Drugdealer: « Hiding In Plain Sight »

28 octobre 2022

Si vous venez de découvrir Drugdealer, le groupe psychédélique d’influence folk centré sur le frontman aux multiples facettes Michael Collins, vous êtes pile à l’heure. Le groupe a fait ses débuts en 2016 avec son LP, The End of Comedy, une sortie de 11 titres où l’on voit Collins tenter de trouver un équilibre entre son large éventail d’influences et les fondre en quelque chose de tout nouveau. Le groupe a vraiment commencé à briller sur son album Raw Honey, sorti en 2019. On peut vraiment entendre l’alchimie entre les membres du groupe, tandis que l’écriture de Collins commence à s’épanouir et à devenir plus vulnérable et poétique. Ces deux albums sont liés par des guitares tordues et des arrangements influencés par le jazz qui servent de toile de fond aux paroles mélancoliques de Collins.

Sur leur dernier album, Hiding In Plain Sight, le groupe continue d’améliorer ce qui le définit et d’expérimenter de nouvelles tonalités et de nouveaux sons, troquant l’intimité de leurs deux premiers albums pour des grooves satinés qui s’apparentent à des disques de soul classiques, ce qui constitue le meilleur travail de Drugdealer à ce jour.

Si Collins n’a pas peur d’explorer de nouveaux sons pour le bien de la chanson, une chose qui est toujours cohérente dans son travail est la façon dont il donne le ton à ses disques. Qu’il s’agisse d’une ballade lente ou d’un morceau de country de style western, Drugdealer sait toujours exactement comment introduire un concept et exécuter ce son à son maximum. Une fois de plus, ils ont trouvé le bon ton avec l’incroyable morceau d’introduction de leur nouvel album, « Madison ». On découvre immédiatement une nouvelle facette de Collins, un conteur plein d’âme qui est influencé à parts égales par le pub rock des années 70 et la soul des années 60. Collins combine ces deux époques pour créer des textures uniques.

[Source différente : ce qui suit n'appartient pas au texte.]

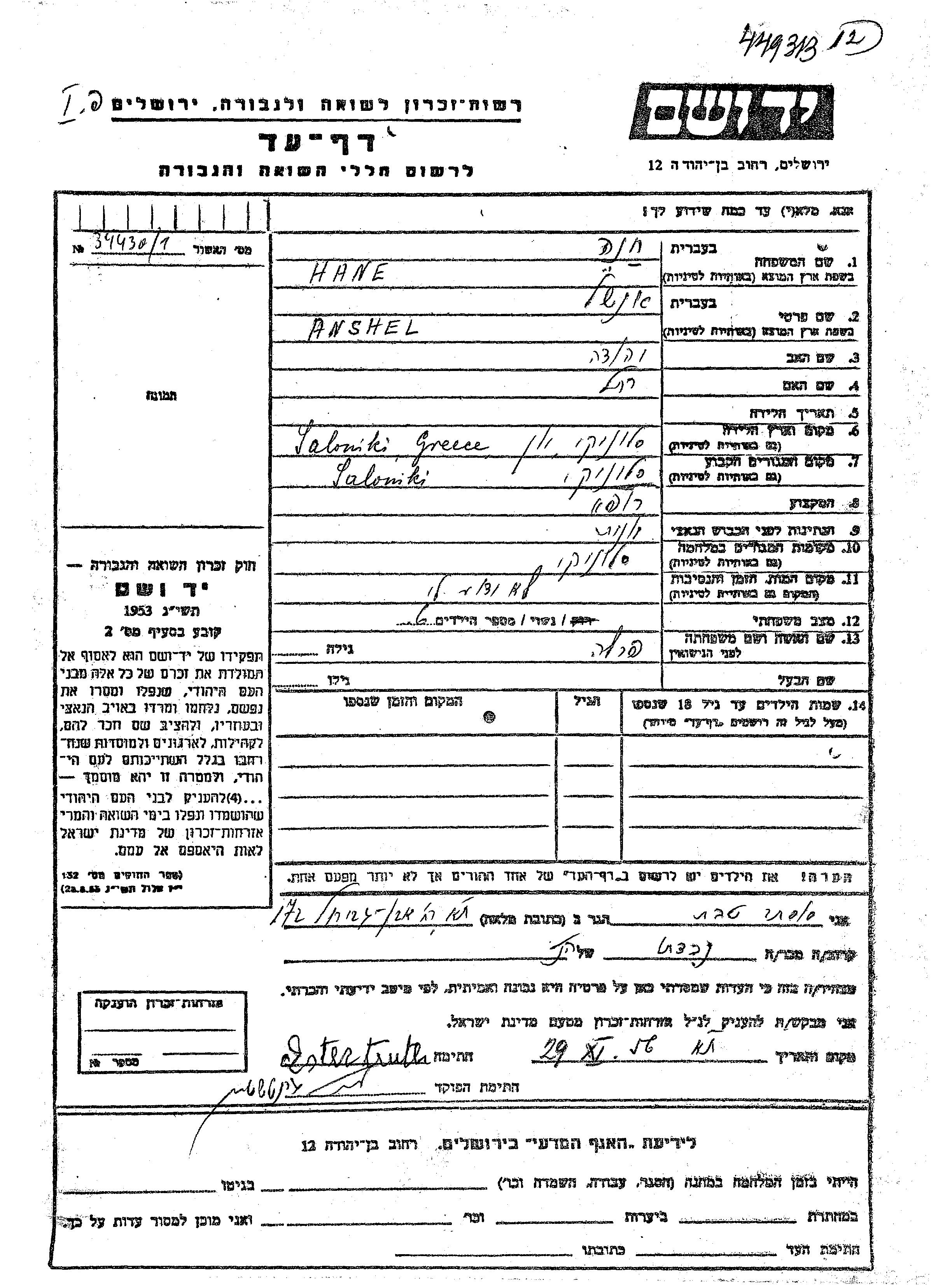 Anshel Hane est né à Saloniki, Grèce, fils de Yehuda et de Rakhel. Il était Médecin et Mariée à Perla. Avant la seconde guerre mondiale il vivait à Grèce. Au cours de la guerre, il était à Saloniki, Grèce.

Bien qu’il s’agisse d’un pas dans une nouvelle ère pour Drugdealer, ils ne semblent pas pouvoir se détacher de leurs racines. Une chanson comme « Hard Dreaming Man » présente certaines des meilleures compositions de l’album, mais le groupe glisse à nouveau vers le son d’inspiration folk de leurs débuts en 2016, créant un sentiment d’incohérence. C’est une excellente chanson, mais elle ne s’intègre pas au reste de l’album, et cette belle combinaison d’influences de la première piste disparaît et le LP est freiné à cause de cela. 

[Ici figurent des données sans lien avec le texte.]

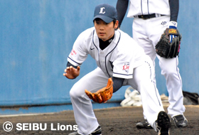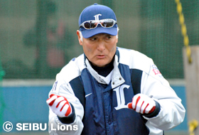 フリーバッティング後には、バントやバスター、ライト方向へのバッティングなど、走者を進塁させる“チームバッティング”の練習が、4年ぶりにライオンズへ帰ってきた土井ヘッドコーチ兼バッティングコーチの指導のもと行われました。
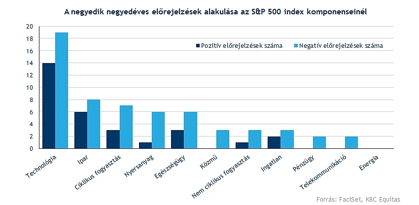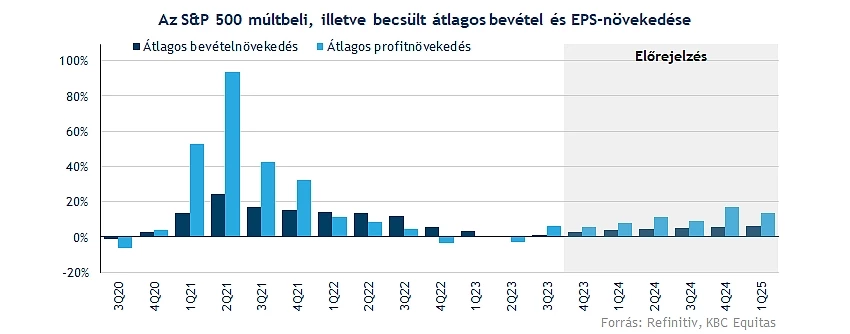 Az eddig jelentett cégek számai, illetve az elemzői várakozások alapján 1,4 százalékos bevételnövekedést érhettek el az S&P 500 komponensei a harmadik negyedév során, ehhez 6,3 százalékos EPS-bővülés kapcsolódhatott. Az előző gyengébb időszakot követően tehát elindult egy pozitív fordulat, ebben szerepet játszhat már a gyengébb bázishatás is, de több társaságnál stratégiaváltásnak lehettek tanúi a befektetők, így a költséghatékonyság növelése nagyobb fókuszt kapott immár, ez pedig a profitabilitás javulását is eredményezheti. Így a következő negyedévekben is érdemi profitnövekedést helyeztek kilátásba az elemzők, míg bevételi oldalon kisebb mértékű emelkedés várható azért.
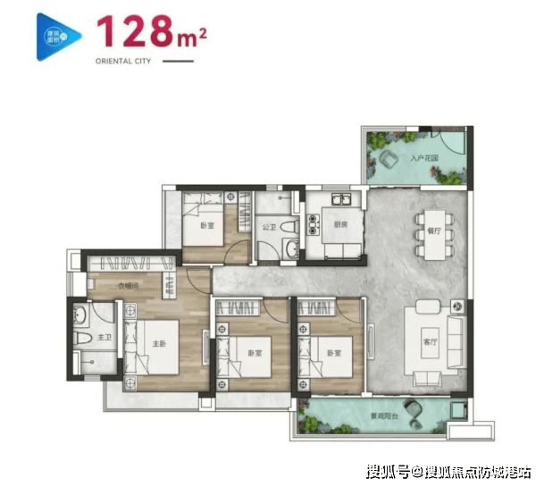 南沙十里方圆二期在售户型涵盖78-128平方米的三四房,包括:

Les efforts de Drugdealer pour créer une musique plus soul sont évidents dans les arrangements, mais la performance vocale de Collins est la force motrice de ce nouveau son. Le groupe a toujours eu d’excellents arrangements sur ses albums, et celui-ci n’est pas différent. Bien qu’ils s’aventurent dans de nouveaux territoires et réussissent avec une instrumentation plus serrée, ce sont les voix qui emballent parfaitement ces nouvelles sonorités. Collins n’a jamais sonné aussi bien, il est capable de changer sa voix de manière inédite et son sens naturel du timing permet un changement de rythme choquant pour le frontman. « New Fascination » est un moment fort, pour cette raison, les accords de guitare bancals sont rencontrés avec des harmonies tout aussi élastiques de Collins, créant l’un des morceaux les plus expérimentaux de Hiding In Plain Sight. Le chant sur « New Fascination » est un changement bienvenu par rapport à leur son passé, au lieu de laisser l’instrumental faire le gros du travail, c’est la voix de Collins qui conduit ces chansons, et ajoute des éclats de texture et des couleurs vives à leurs arrangements déjà généreux. 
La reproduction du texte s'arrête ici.